I haven’t blogged for absolutely ages and hope this will be cathartic to me and maybe useful to someone else who might be reading this who is hoping the pain will improve. I am slowly seeing some glimpses of light in what has been a very difficult few weeks so feel able to write about parts of this episode.
For the last eight weeks or so I have experienced horrendous anxiety and a heightened emotional state which I probably firstly correctly linked with the 1st anniversary of the death of my Nanna. In the weeks leading up to this anniversary I was really struggling but as I often tell myself it is perfectly ok to feel emotions surrounding the loss of loved ones and that I mustn’t panic about these feelings. Many other people who are grieving, I am sure feel similarly and sometimes I need to acknowledge and take time to remember this.
However nearly 4 weeks ago I woke one morning with a very heavy black cloud of depression. I cried silently as I tried to muster enough energy to get out of bed to work and fight through the pain that this depression had so hastily engulfed me. For a few days I did my absolute best to hide this.
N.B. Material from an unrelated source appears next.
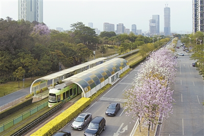 有軌電車駛過(guò)開滿宮粉紫荊的琶洲塔站。
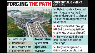 Sources indicate that a “hybrid” corridor — combining elevated and underground stretches — has gained preference for its potential to maximize connectivity and passenger footfall.Under this option, the line would begin as an elevated stretch from Aluva along NH 544 up to Kariyad. A crucial three-km underground section is proposed thereafter to directly link the network to airport, with an underground Metro station planned at the airport. Post-airport, the corridor would revert to an elevated structure, passing through Nayathode and Areekkal before terminating at Karayamparambu in Angamaly town.Final alignment decision, expected once DPR is completed, will determine how effectively Metro integrates airport and northern suburbs into Kochi’s expanding transit grid.The proposed alignment envisions 15 strategic stations to serve as commuter hubs — Thottakkattukara, Kunnumpuram, Parambayam, Nedumbassery, Athani, Kariyad, Airport Railway Station, Airport, Nayathode, Kavarapparambu, Areekkal Jn, LF Hospital, Angamaly Town, Kothakulangara and Karayamparambu.The DPR also explores three other options — a fully elevated route along NH 544 stretch that bypasses the airport entirely, fully elevated airport link and fully underground corridor to airport.Meanwhile, despite preference for Nayathode-Areekkal route, a significant segment of stakeholders is advocating for Metro to stick closer to national highway after airport. This would bring Metro closer to major industrial and transit points, including Telk (Transformers and Electricals Kerala Ltd), Angamaly railway station and municipal bus stand, ensuring a truly integrated multi-modal transport network, they argue.A discussion of possible routes in Airport-Angamaly section was held in Angamaly on Wednesday in which Angamaly MLA Roji M John and municipality chairperson Reetha Paul attended.“Metro authorities presented multiple route options from airport to Angamaly. As per National Metro Rail policy, any alignment should ensure connectivity to airport since the project couldn’t meet the population criteria. They are yet to finalize an alignment, but airport connectivity is a must. They said they will study all options and take a final decision based on technical and economic factors,” John told TOI.

I am always firstly overcome with a huge sense of guilt and often spend ages racking my brains for something I might of done to contribute to an episode.
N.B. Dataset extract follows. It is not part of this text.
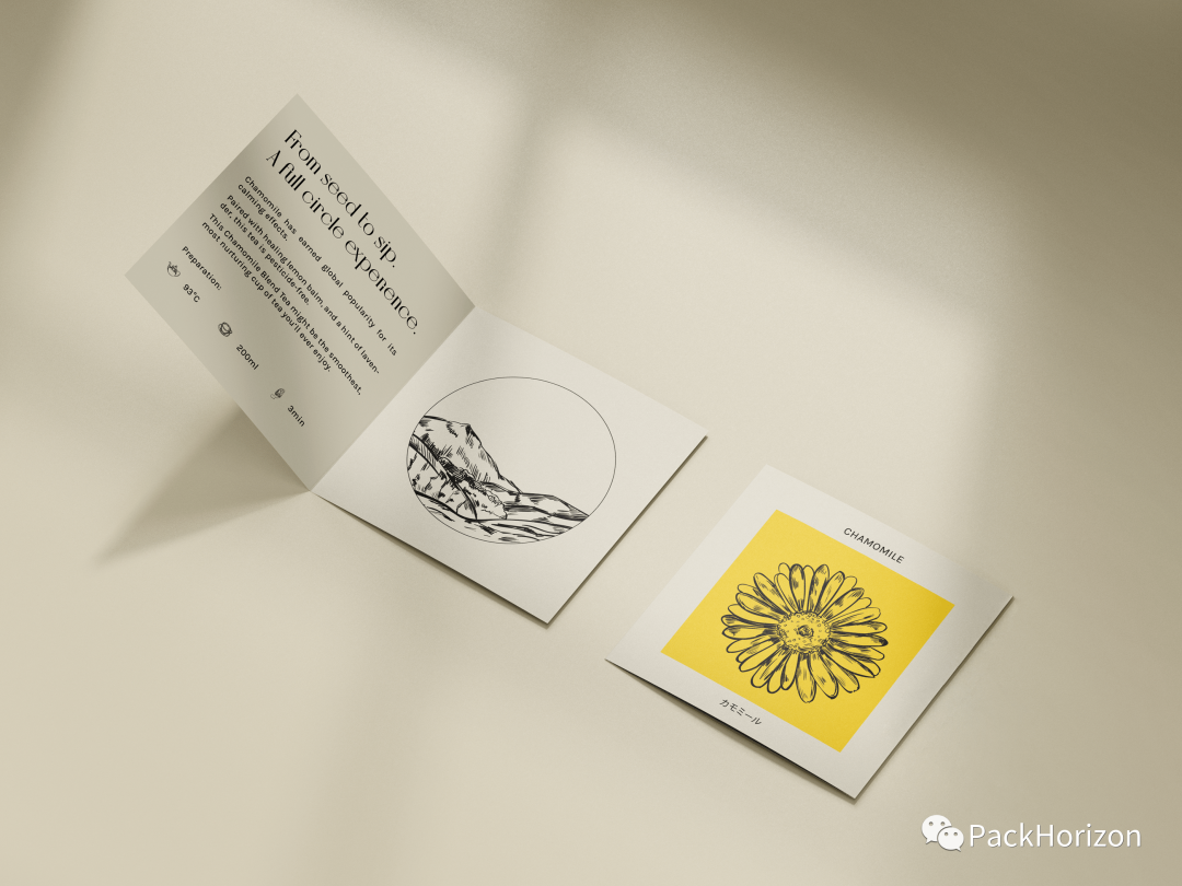 盒子中间有一个圆孔,里面有一张传单,上面有产品口味的综合图,里面有准备的指示。当我们取下传单并阅读准备指示时,我们看到了装有50克茶叶的金色容器产品。

At the back of my mind was a GP appointment that I had with my regular GP on the following Monday so therefore I had less than a week to get through before I could form a plan with her but sadly not even that could reassure me and it was becoming harder and harder to hide how I was feeling and the desperation just kept building. When the Monday morning came so did a phone call from the doctors surgery cancelling the appointment. I was absolutely terrified as even though I was booked in for the Thursday I wasn’t sure how to get through until then. I did though have a lifesaver in the form of a week of Accompanied Prayer which I had signed up to for that week which proved an enormous comfort and a positive focus and guide during an absolutely awful time.
By the Wednesday of that week I went from needing a doctors appointment to dreading it as my thoughts were becoming more and more horrendous, I was experiencing mild psychosis and I just wanted to run from the feelings but sadly my head always came with me!
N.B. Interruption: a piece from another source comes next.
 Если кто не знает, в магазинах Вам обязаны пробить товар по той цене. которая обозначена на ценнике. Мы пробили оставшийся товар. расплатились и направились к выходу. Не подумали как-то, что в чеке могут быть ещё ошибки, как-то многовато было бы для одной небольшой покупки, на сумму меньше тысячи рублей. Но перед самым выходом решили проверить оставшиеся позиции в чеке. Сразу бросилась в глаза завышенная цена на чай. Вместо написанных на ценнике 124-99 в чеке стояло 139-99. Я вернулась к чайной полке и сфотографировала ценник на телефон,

I did make my doctors appointment the following day with the support of a friend and she signed me off work for the following week and also prescribed extra medication to help with some of my symptoms. She also urgently referred me to the community mental health team. I am always very reluctant for this as since discharge from the team have always struggled with the uncertainty of having to get back into a health system again and also after many very difficult and unsuitable experiences in accident and emergency this was also not an option.
People often ask me why this is but when you are asked to stand fairly alone without the medical support that might help someone with a long term mental health problem, it would be a risk to put myself in a situation where based on previous experiences could actually make me worse. At that point I thought I had hit rock bottom so therefore turning up at the hospital (which I am sure many people would agree isn’t the right place for a mental health crisis) I would be putting myself at risk. I often wrestle with this as professionals get exasperated with me regarding it but in my view they can’t have it both ways – they can’t want me to take more responsibility for my care but then criticise my decision to keep myself safe.
Since the doctors appointment it hasn’t been a straight road to feeling better. At times I have been even worse and during my time off work we remembered my Nanna a year on which was hugely painful but something I needed to do in my own way and not try and forget it happened. Yesterday I also received a telephone appointment with the mental health team which whilst supportive was sadly two weeks too late and therefore existing more as an additional anxiety rather than something which could contribute towards me feeling better.
So as this blog title suggests I often am asked whether there was a trigger to this episode and yes the anniversary of my Nanna certainly contributed to this, as did the mounting anxiety but the depression was a bolt out of the blue and I suppose this is part of the illness which might be hard for people to understand but as people often say to me, it is harder for me living with it! The other difficult part of this episode is that whilst there was no other obvious triggers it has been like every difficult, challenging and upsetting part of my life’s events has come back to haunt me during this time and manifest itself in flashbacks, bad dreams and anxiety amongst other things which has also been exceptionally difficult especially when you think you have laid that particular ghost to rest.
So now 4 weeks on from the initial depression I am starting to see glimmers of light and I am beginning to hope that things are improving. I am always hugely grateful to those that stand by me, support me, love me and do those small simple things which may seem that way to them but are massive for me. Depression for me in a bipolar episode is a very lonely place and these small but important contacts literally save me. Thank you all.